Although we don’t actually know where this variety originally came from, nowadays, if you are asked where White Garnacha comes from, Terra Alta is your answer. I say this for a number of reasons: it has been here for hundreds of years and there is nowhere in the world with as many White Garnacha vines as in Terra Alta. This has been the case for generations and is still true today. It is believed that the origin of the variety was somewhere not too far from here, and that it was originally a mutation in the colour of some type of Red Garnacha.

You say that Garnacha has been grown here for so long, yet it hasn’t been that long since we first heard of this variety!

That’s true. However, not because it wasn’t grown, but because it wasn’t a listed variety. The Garnacha variety -as well as other traditional varieties-, were considered to be second-class or inferior varieties in the past. It was mainly used to produce wines with a certain body and degree of alcoholic. In short, it was used to make more popular wines.

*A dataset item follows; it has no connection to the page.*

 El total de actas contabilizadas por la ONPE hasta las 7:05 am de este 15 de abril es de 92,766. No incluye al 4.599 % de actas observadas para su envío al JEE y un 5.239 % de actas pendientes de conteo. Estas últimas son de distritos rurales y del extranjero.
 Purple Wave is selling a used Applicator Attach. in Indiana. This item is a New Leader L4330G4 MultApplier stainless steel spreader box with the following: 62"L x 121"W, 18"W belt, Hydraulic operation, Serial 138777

At the beginning of the century, wine consumption was popular and until very recently, the Garnacha variety was associated with this type of wine. Likewise, due to its characteristics, it was a variety that was widely used to make “vi ranci”, an aged oxidative wine that preserves well – and can do for decades – in the cellars of many homes.

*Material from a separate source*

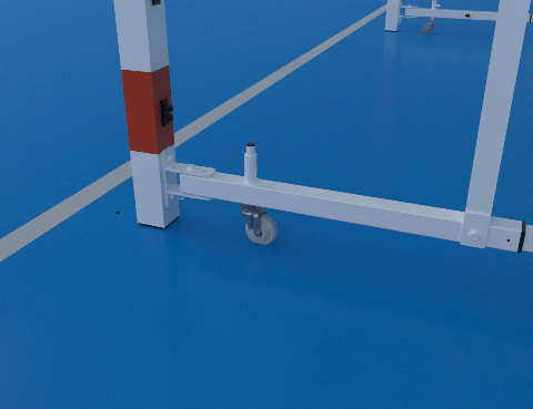 Khung thành bóng ném xếp gắn tường hàn liền khối, thép mạ kẽm, chiều sâu điều chỉnh từ 1m tới 1.4m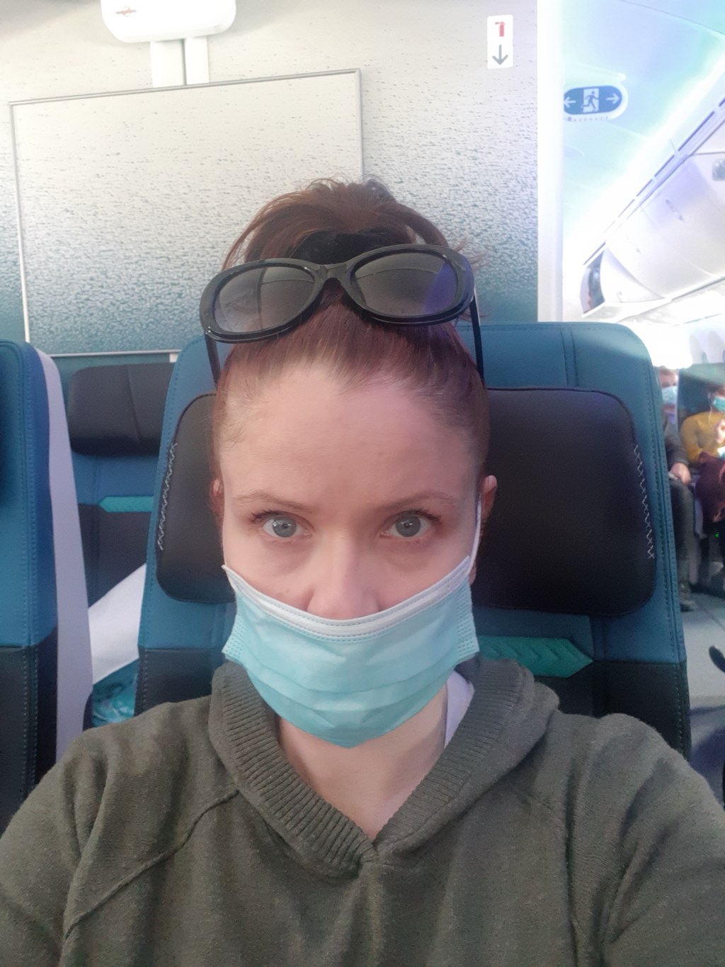 On a plane in 2022, where I could sit a couple of inches from someone in a sealed tube way up in the sky during a supposedly horror-movie-like sweeping pandemic. That flimsy, dirty mask would allegedly save my life, though.

Could it be that the wine made from this variety was not a particularly good one?

This may be partly true. The Garnacha variety has a certain “fragility” due to its oxidative nature: namely the rhythm and evolution of oxidation processes in its aromatic components. Because of this, it requires certain care. It wasn’t until technology and concepts from French viticulture and winemaking reached areas where Garnacha was produced that this variety -with the exception of “Vi ranci”- could begin to show its true qualities. Whether we like it or not, France is the birthplace of winemaking knowledge that initiated the production of great wines.

And what qualities are these?

It depends to a great extent on the area where it is cultivated, but, in general, Garnacha wines are distinguished by their body, density and elegance. Depending on the area it comes from, there can be greater warmth or structure. In the Terra Alta region, thanks to the winds and characteristics of the soil, elegant wines are obtained. They do not have excessive structure and they present a verve in the mouth and a freshness that fascinates me.

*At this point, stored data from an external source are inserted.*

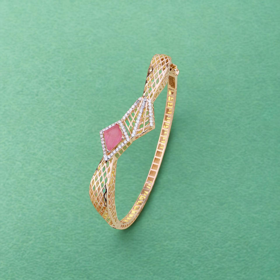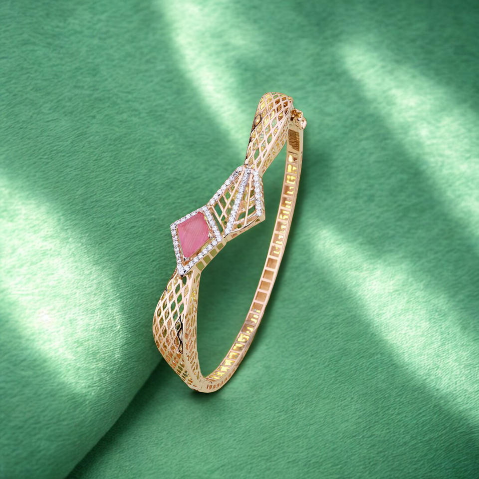 กำไลข้อมือทองประดับเพชรสำหรับผู้หญิง พร้อมหินสีชมพู ดีไซน์ลายตาข่ายทันสมัย น้ำหนักเบา สวมใส่ได้ทุกวัน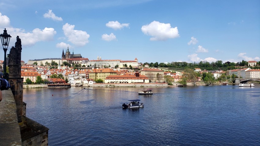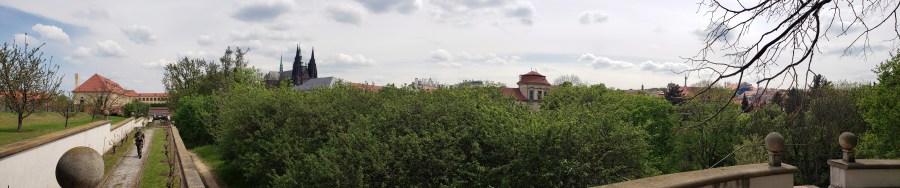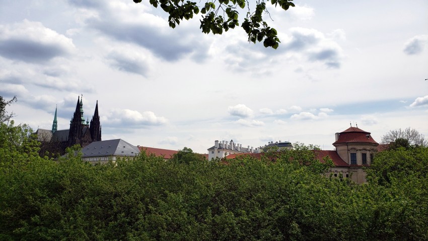 Prague Castle is visible from many parts of the city, including along most of the lovely eastern riverbank’s walking paths. There are a few different palaces inside “the castle,” including one which I believe is called “the castle” because I guess it’s the home or office of the head of state (?) – but in general the whole compound is called the castle and includes many buildings and churches and a LOT of history. the most prominent feature are the spires of St Vitus Cathedra, visible in the photo just above and in many, many other photos here.
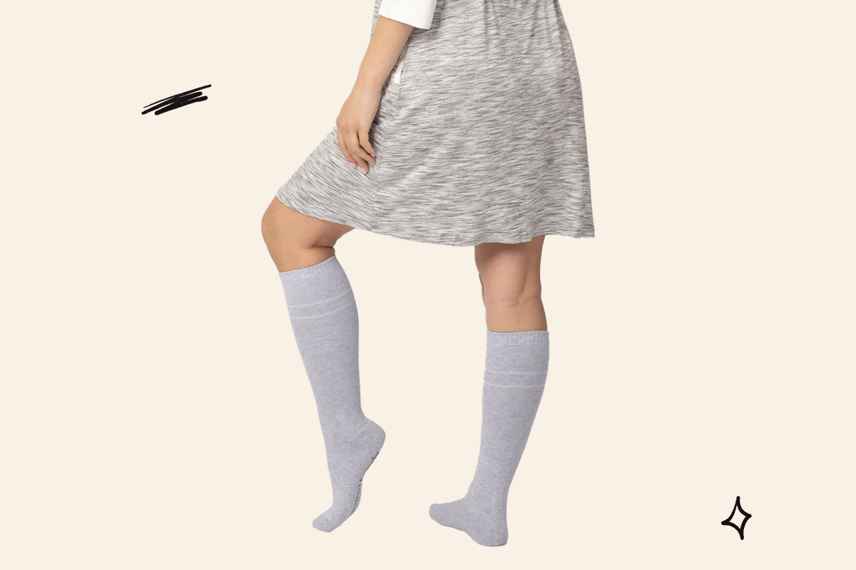 You might think swollen ankles are a given in late pregnancy, but you’d be wrong! A good pair of compression socks help soothe swelling and boost circulation, keeping your feet and legs more comfy right up until birth. They are also key to wear if you travel during pregnancy, especially on a long flight to reduce the risk of blood clots from long periods of sitting.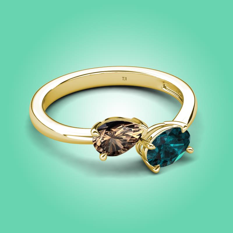 1.65 ctw Smoky Quartz Pear Shape 7x5 mm & London Blue Topaz Oval Shape 7x5 mm with Prong setting Two Stone Duo Women Engagement Ring in 18K Yellow Gold More Details ...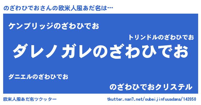 | 男性向けラノベタイトル風あだ名 | 『この素晴らしい世界にのざわひでおを!』 |
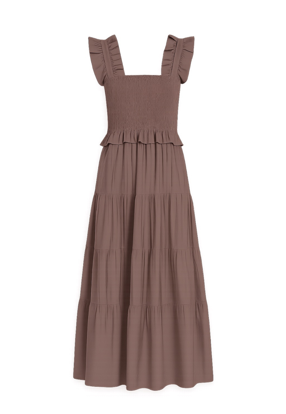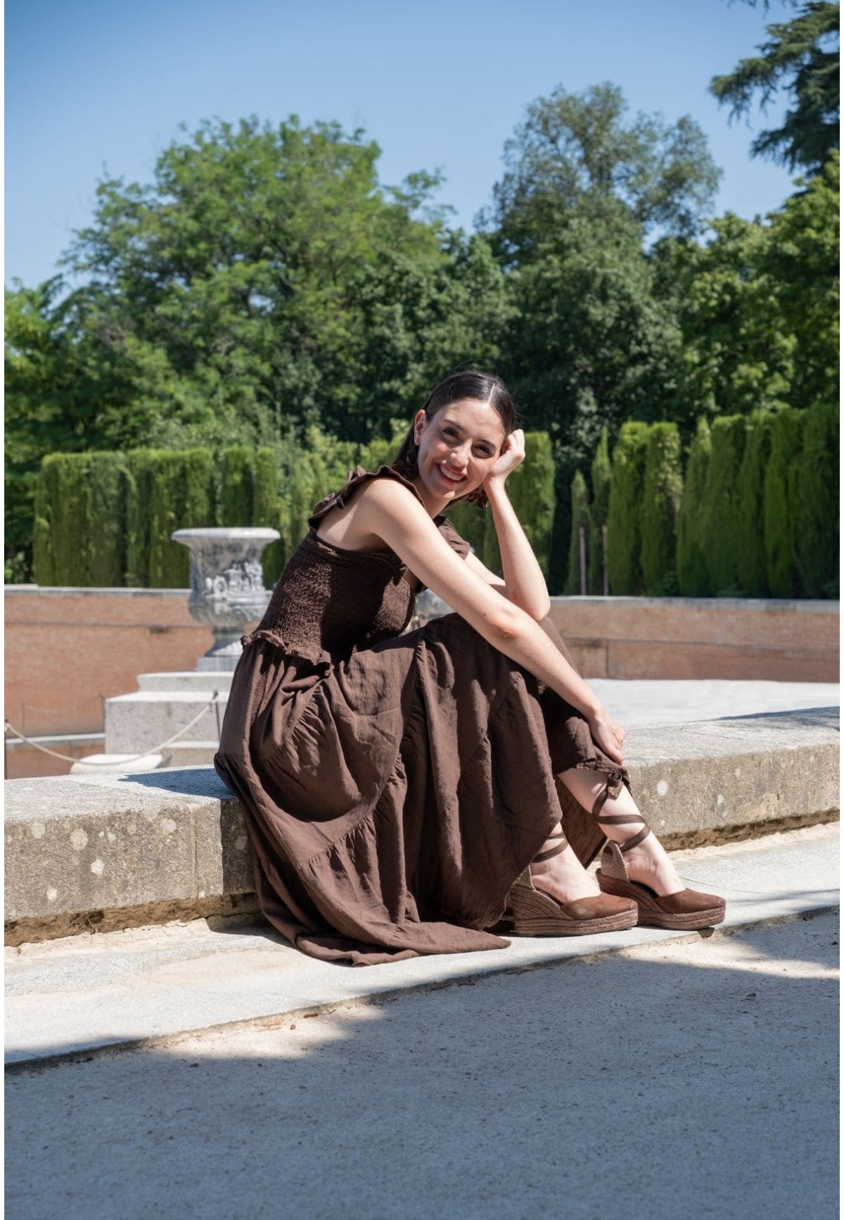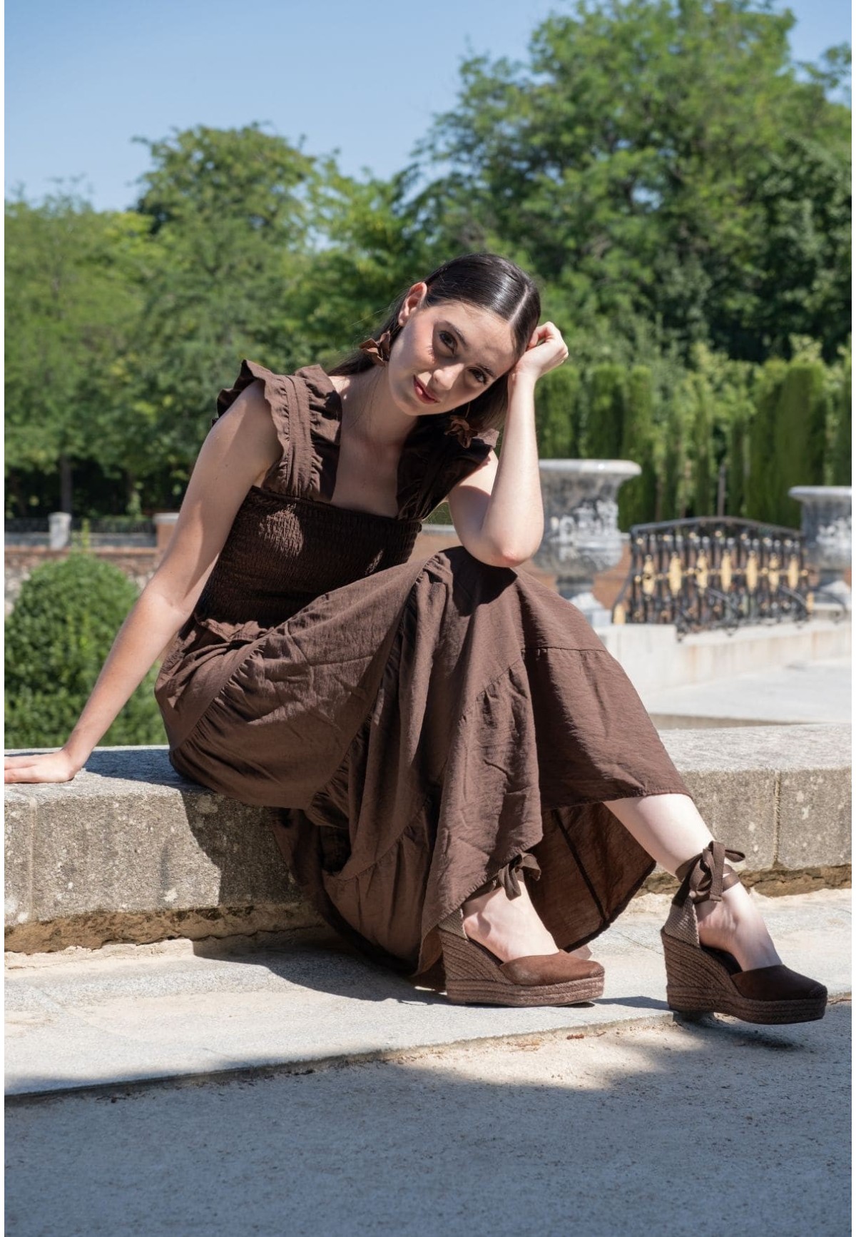 El fruncido de  nido de abeja en el pecho garantiza comodidad y sujeción, realzado por los tirantes anchos con volantes que suman un toque coqueto. Su silueta midi y caída amplia te aseguran movimiento y frescura en los días más cálidos.

Are you trying to convince me that winemakers do not play a role during the process?

No! Of course we play a role. We winemakers are the interpreters of the landscape and, therefore, we decide what to do with the fruit that comes to us. However, if what differentiates the fruit from your area with that from others, is elegance, why look for structure? And if what differentiates it is freshness, why look for something else? That’s why in LaFou, for example, we opt for a cold harvest. We only use grape-treading during fermentation, and we age our wine in concrete egg-shaped vats.

Interesting! But you are starting to get technical…

Right, let’s leave it at that and have a glass of Garnacha. How does that sound?